SATIRE OR PARODY
(compliance with principles expressed or implied in Campbell v. Acuff-Rose Music, Inc. not assured)
Texas Attorney General Paxton seems to have a first-year-civil-procedure problem. So do those who signed That Complaint along with him. Well, they've got more than one problem. But most of the other problems flow from their inability to resolve this one.
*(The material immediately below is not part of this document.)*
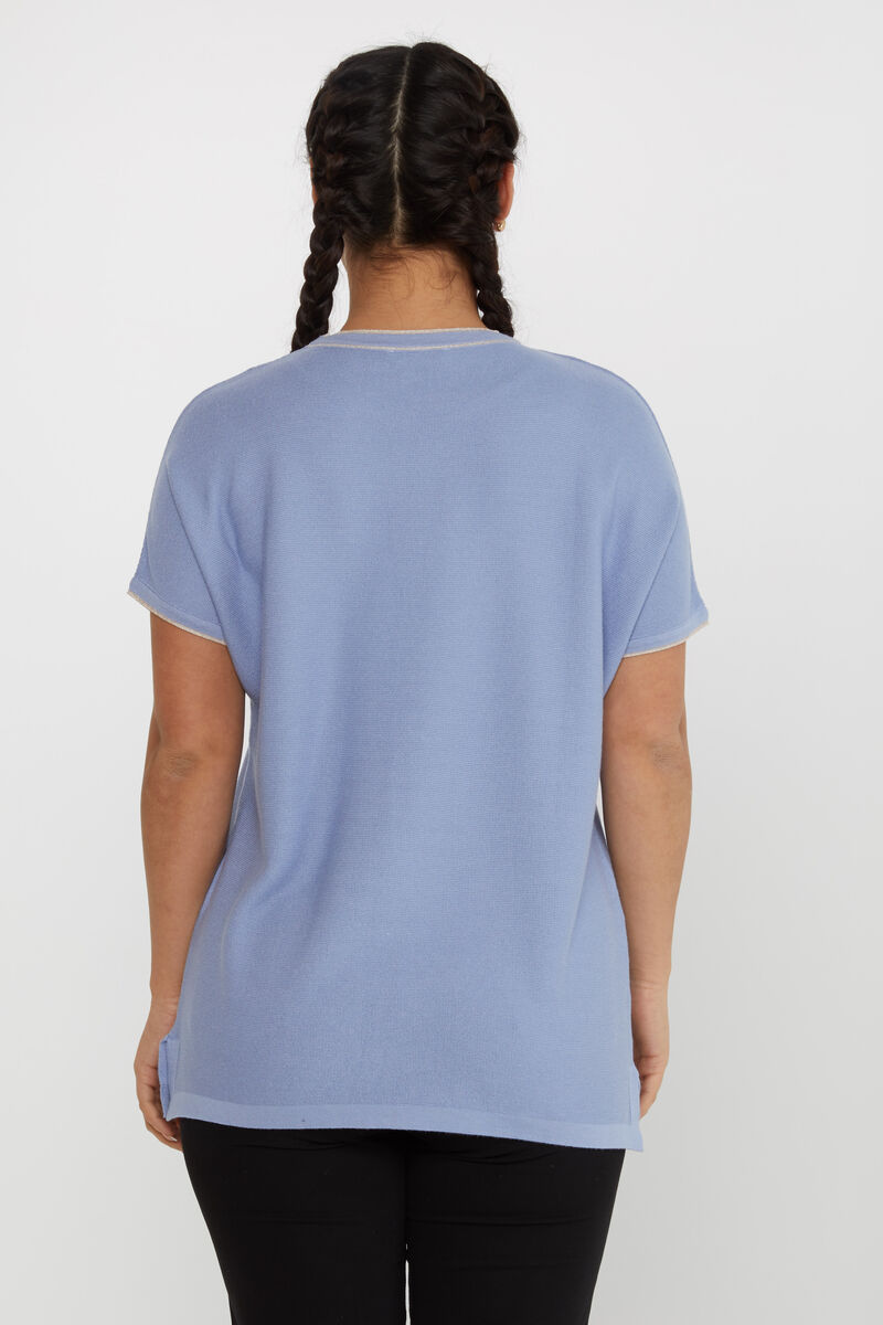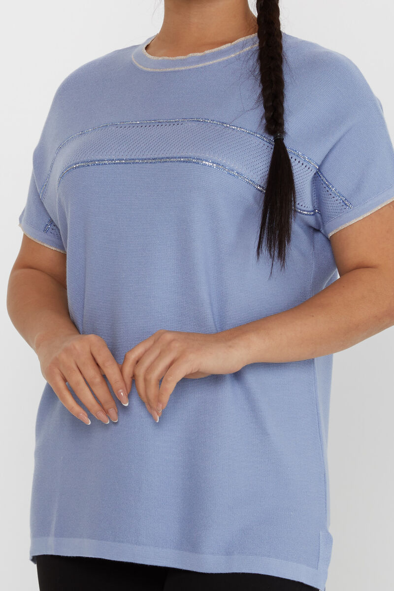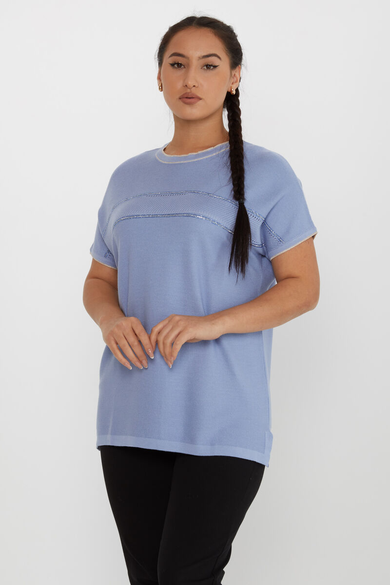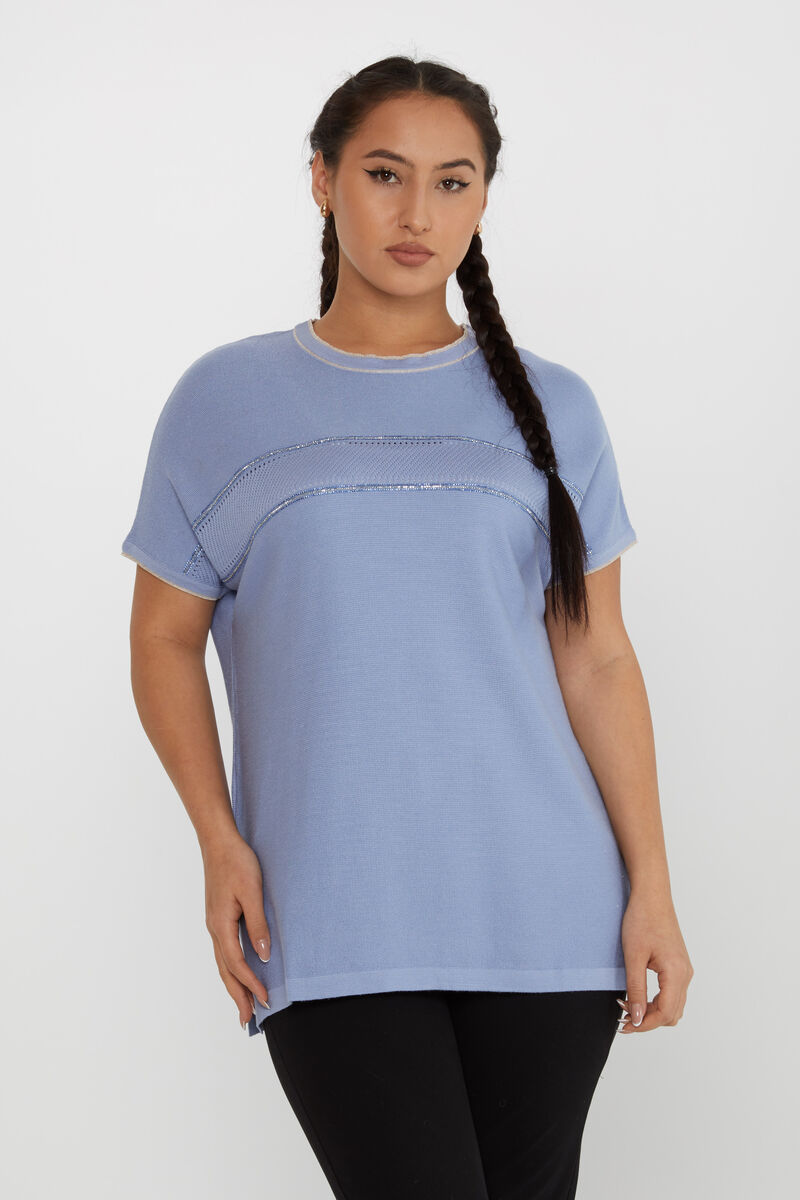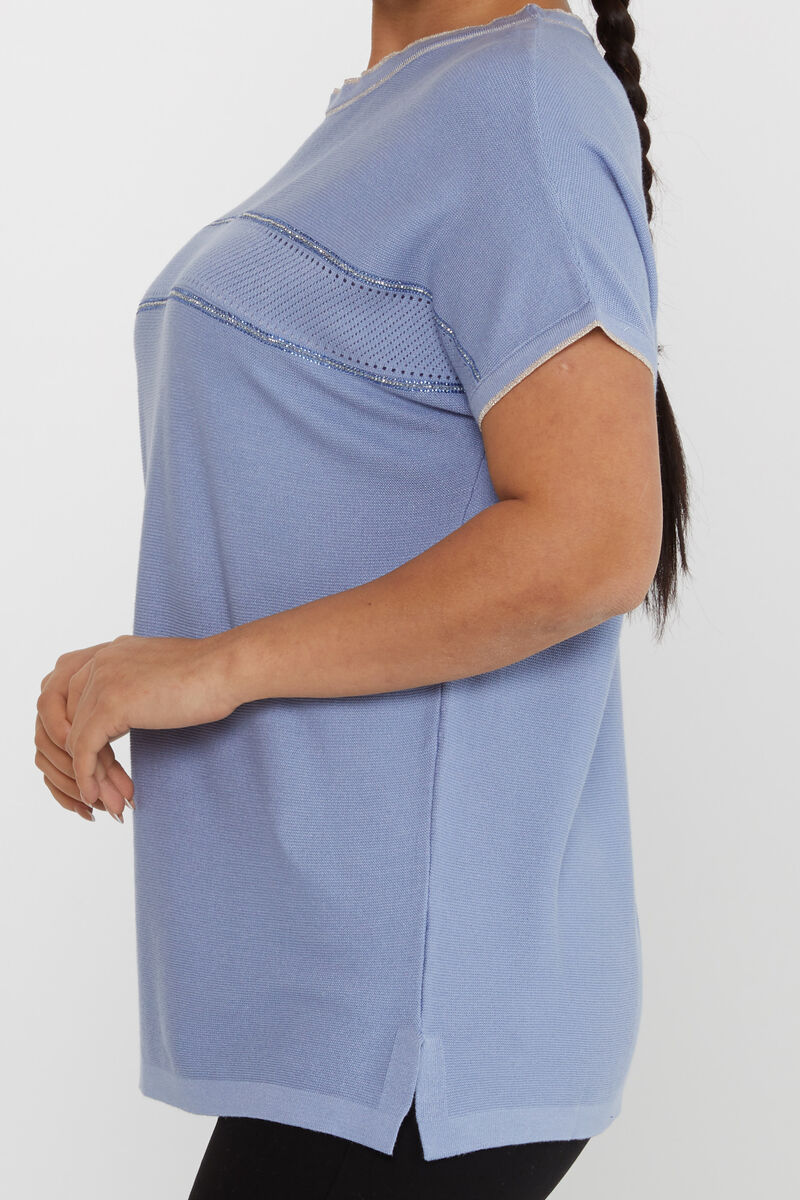 Kadın Triko Yaka Detaylı Taşlı Mavi - 30349 | KAZEE

One of the main principles of the common law is that one must sue the actual party that is both legally and factually responsible for the wrong that one is asking the court to remedy. Sometimes — like in the state next door to Gen Paxton — the plaintiff (claimant) can add others who may be partially or jointly reponsible for performing any remedy as a "direct action" (see La. Rev. Stat. § 22:1269 (suing the insurer)). But even under the direct-action rubric, one must still correctly name the actual party or parties that caused harm; one cannot sue the insurer alone.
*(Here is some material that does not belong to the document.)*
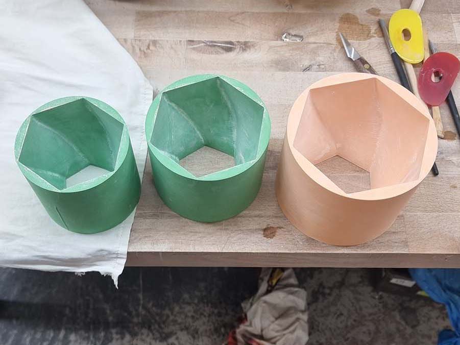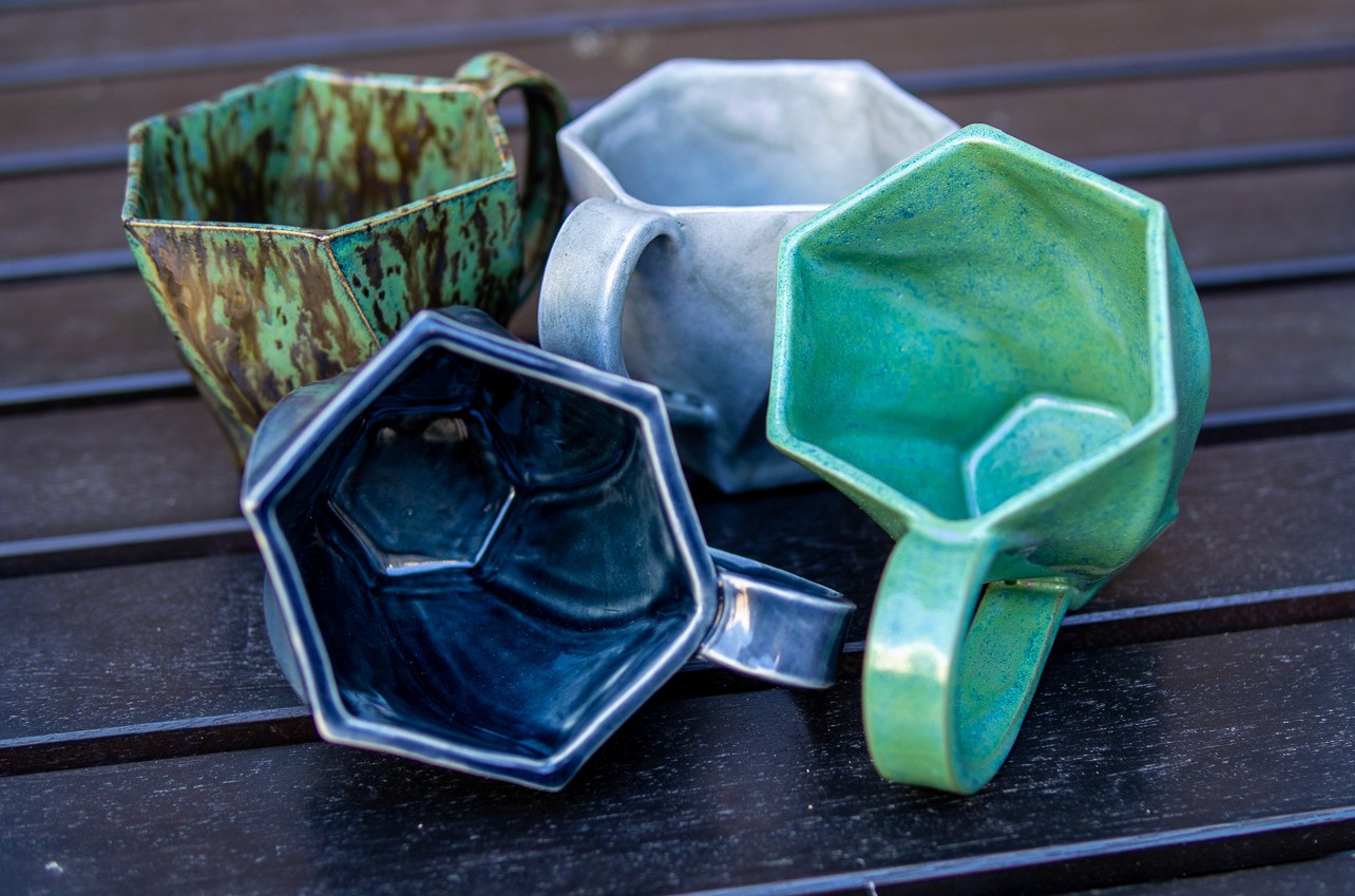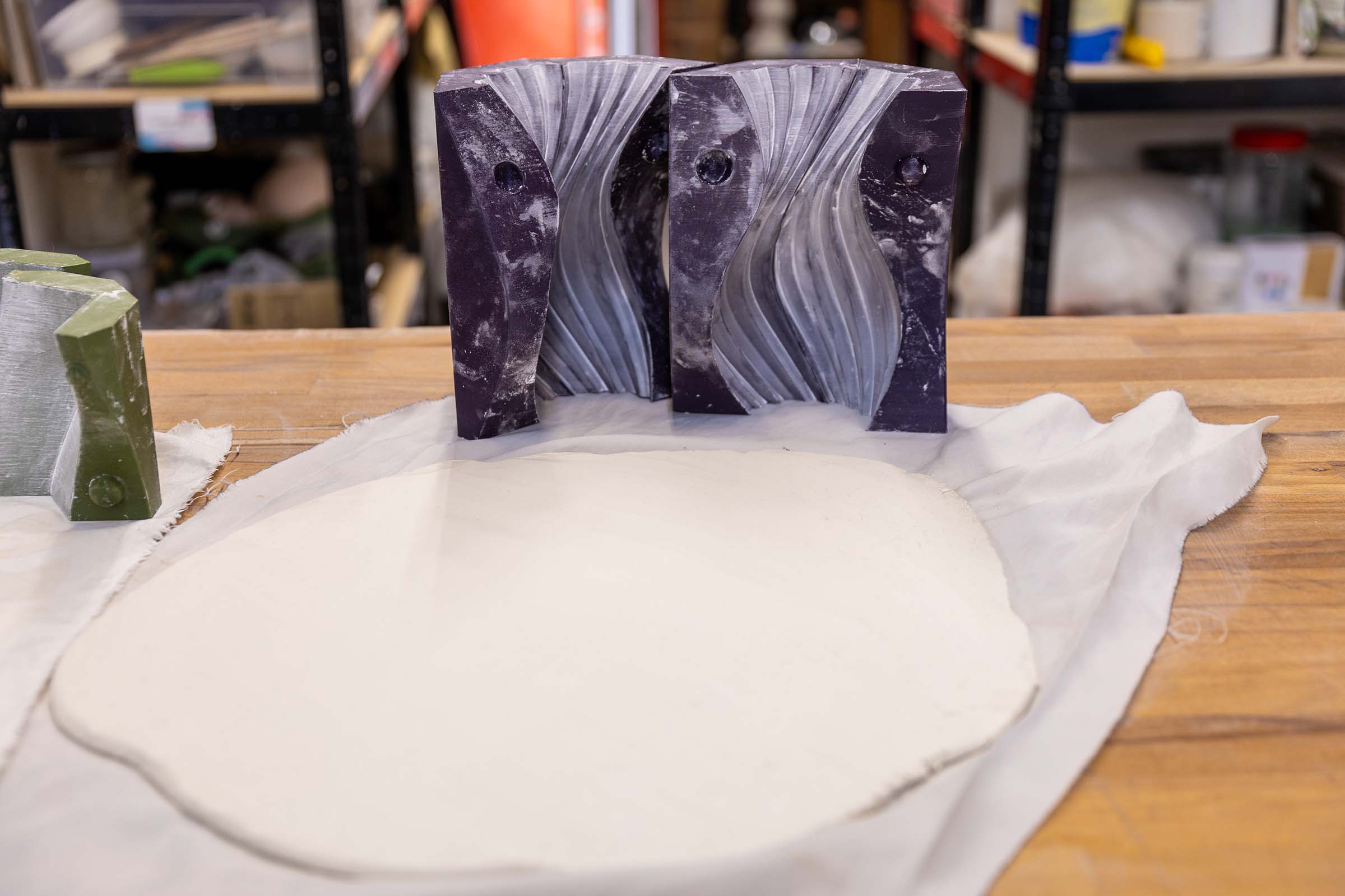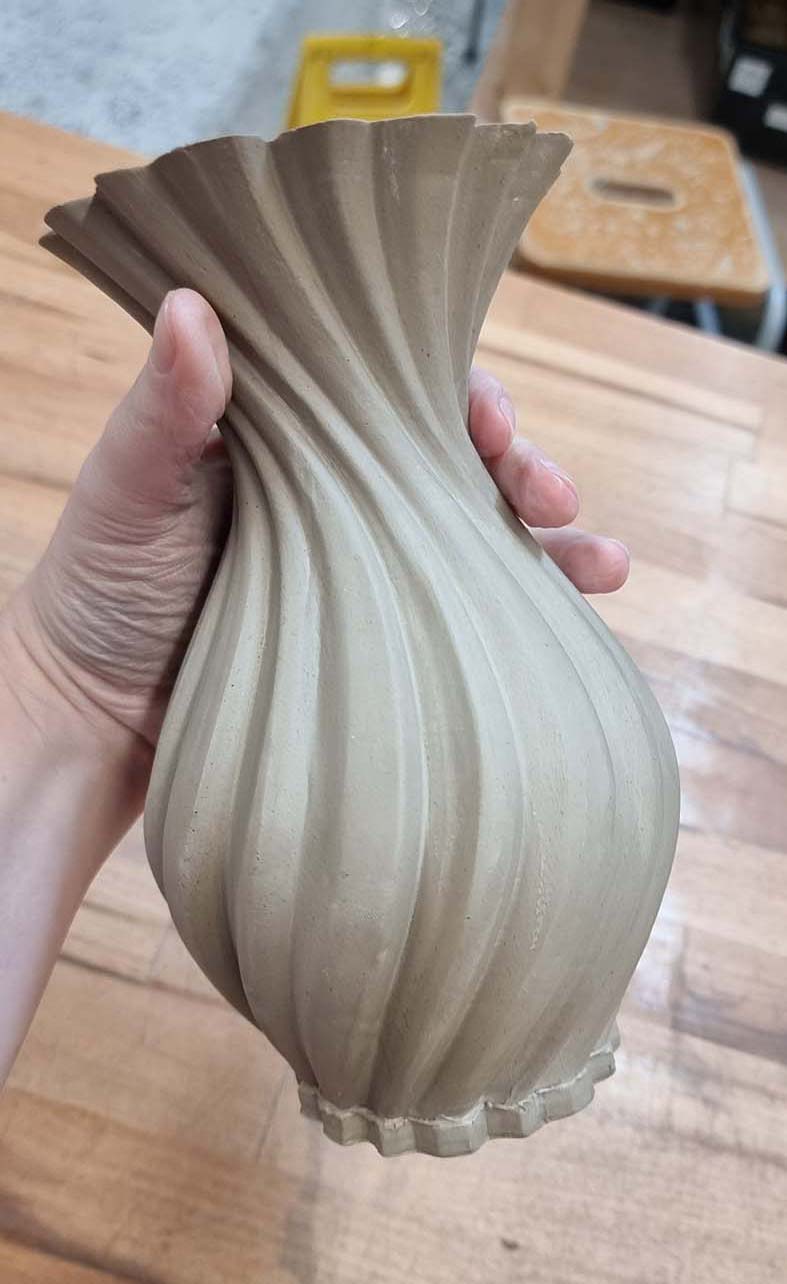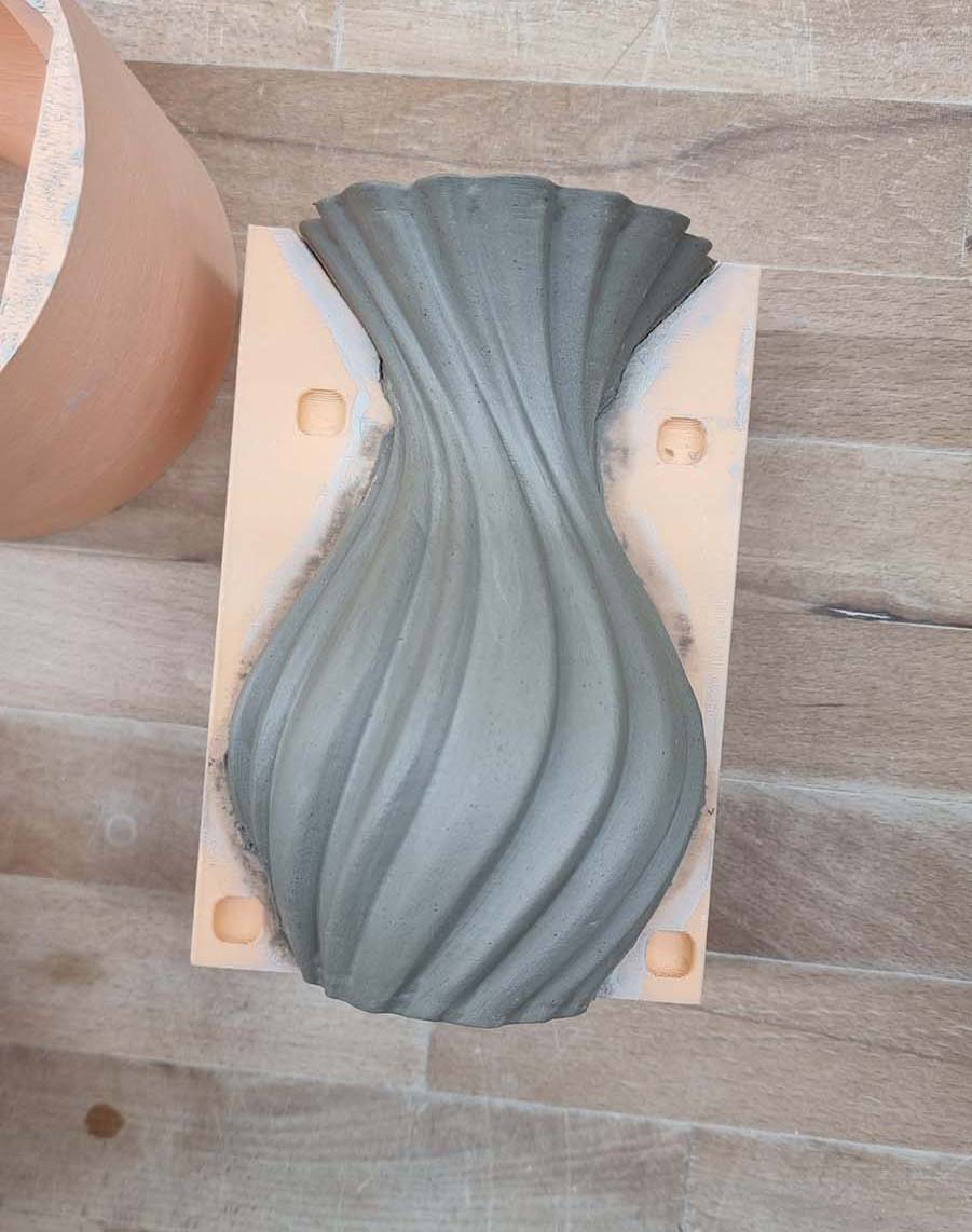 Developing 3D Printed Slab Press Molds: The key focus of my R&D, my goal was to bring complex CAD geometries into the physical world without the mess of slip casting. To do this, I developed a unique slab press molding workflow. By printing multi-part molds based on complex parametric designs, I discovered novel ways to form flat clay slabs into intricate, gravity-defying vessels. One of my finished pieces using this method was featured in Hackspace Magazine.

The latter, however, is precisely what Texas v. Pennsylvania et al., No. 22–O–155 [sic], does. This "matter" never should have been Texas v. Pennsylvania et al. Very much in the style of a forfeiture action, it should have been Texas v. 1,995,691 Unidentified Pennsylvania Voters, et al. Which exposes what Gen Paxton is really saying: The yahoos1 in Philadelphia and Pittsburgh voted wrong… in substance, because a mere procedural failure would not harm any interest of Gen Paxton or the State of Texas. There were 595,538 mail-in voters in Pennsylvania who clearly didn't harm Texas (they voted "correctly"). If this all sounds far too much like some bad 1970s film about illusory elections in banana republics (or Spain or Greece… or the Soviet Union, bringing a new shade of meaning to "Red State"…), it should. I am reminded of "direct action" lawsuits against gun manufacturers that fail to name the individual who pulled the trigger, a defect any 1L can identify (and will be expected to identify a couple years later on the bar exam) — and that Gen Paxton has identified himself, more than once. Now I know that sports rivalries can be a bit overboard, but this is excessive even when the Cowboys play the Eagles and both teams could still finish the season with a winning record.
So, Texas bar regulators, we have a clear breach of Tex. Disc. R. Prof. Cond. 1.01 here ("an incompetent lawyer is subject to discipline," id. com. 6). Watcha gonna do about it? And what does this say about your bar exam as a screen for attorney competence?